Langowan, Fajarmanado.com – Pemilihan Kepala Daerah (Pilkada) di Kabupaten Minahasa, sampai saat ini masih terkesan dingin. Belum ada bakal calon yang secara nyata-nyata menyatakan kesediaan menjadi calon Bupati Minahasa. Meski sejumlah nama mulai digadang-gadang, namun terlihat baru petahana (incumbent) Jantje Wowiling Sajow yang aktif bersosialisasi untuk mencalonkan diri kembali.
Sementara, nama-nama lain, seperti Ivan Sarundajang, Robby Dondokambey, Hangky Arthur Gerungan, Careig Runtu, masih sebatas disebut-sebut sebagai kandidat calon bupati Minahasa. Belakang ini muncul nama Denny Tombeng. Meski dua kali gagal sebagai calon wakil bupati dalam pilkada sebelumnya, namun Denny Tombeng ternyata tidak patah arang.

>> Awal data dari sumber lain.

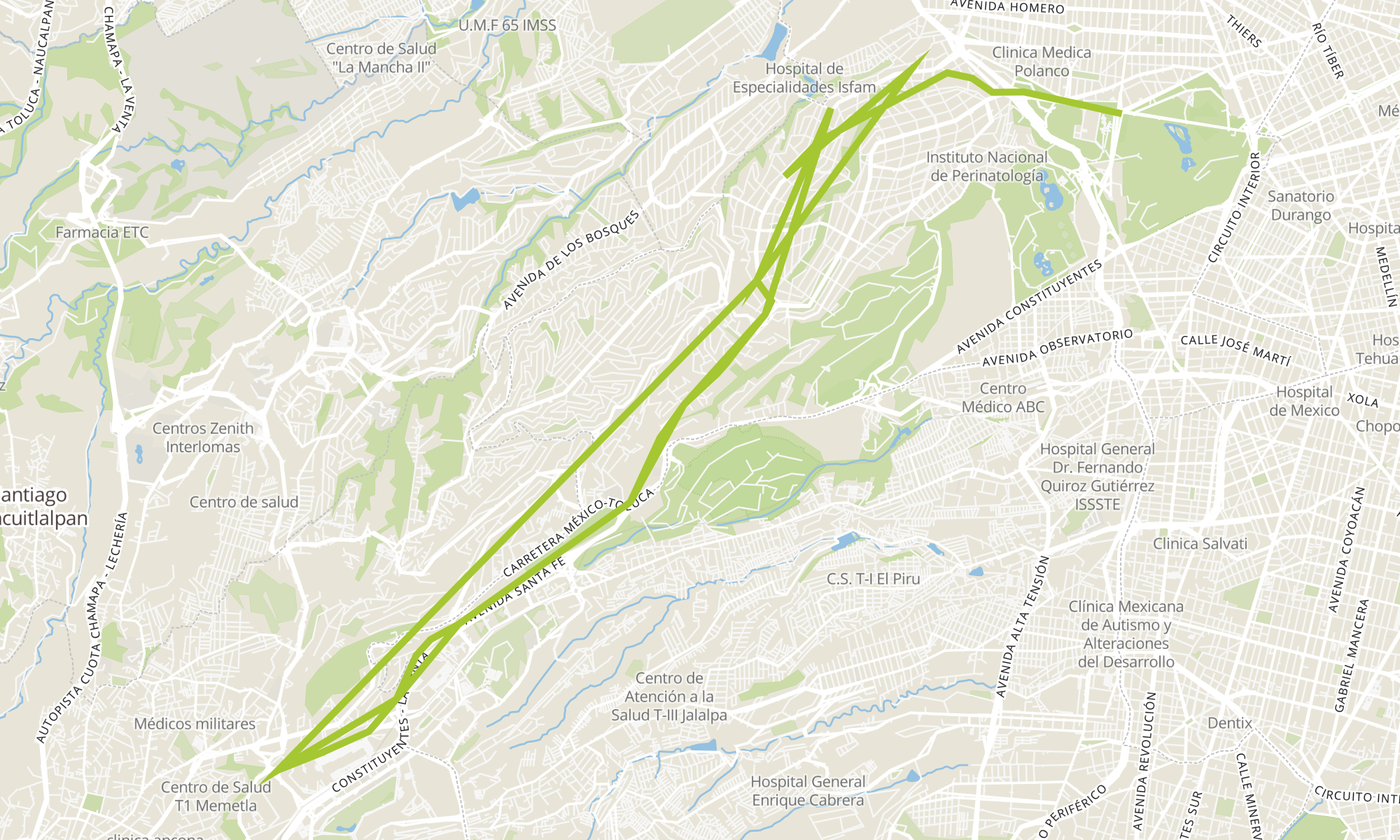 | Paseo de la Reforma - Ruben Dario y Calz. Chivatito | C. C. Centro Comercial Santa Fe - Av. Vasco de Quiroga y Juan Salvador Agraz |

Dihubungi via telepon, Senin (27/02), Denny Tombeng menyatakan akan tetap bersedia dicalonkan, bila mendapat dukungan dari masyarakat Minahasa.
“Di dunia politik, semua bisa terjadi. Meski pernah mengalami kegagalan, tapi kalau masyarakat mendukung, saya tetap bersedia menjadi calon bupati,” tuturnya.
Sebagai Ketua DPC Partai Demokrat Minahasa, Denny Tombeng merasa tidak terlalu sulit untuk mencari partai koalisi.
“Untuk Partai Demokrat, terbuka untuk bisa melakukan koalisi. Apakah dengan Partai Gerindra atau juga dengan partai-partai lain, semuanya terbuka,” jelas Tombeng.
Sementara itu, pengamat sosial politik dari Unsrat, Albert Kusen, yang dihubungi terpisah, mengungkapkan, untuk Pilkada Minahasa, calon petahana Jantje W. Sajow (JWS) memang masih cukup kuat.
“Seandainya JWS mengalami nasib seperti Yabes Gaghana, siapapun pasangan calon dari PDI-P kemungkinan akan mengalami nasib seperti incumbent di Sangihe,” ujarnya.
Masalah pasangan JWS, tambahnya, kalau tidak ada figur di kawasan Tountemboan sekelas Wabup Ivan Sarundajang, sebaiknya paslon ini tetap dipertahankan.
“Kalau Ivan juga hendak maju, coba ambil pasangan dengan Sekretaris Kabupaten Jeffry Korengkeng,” tuturnya.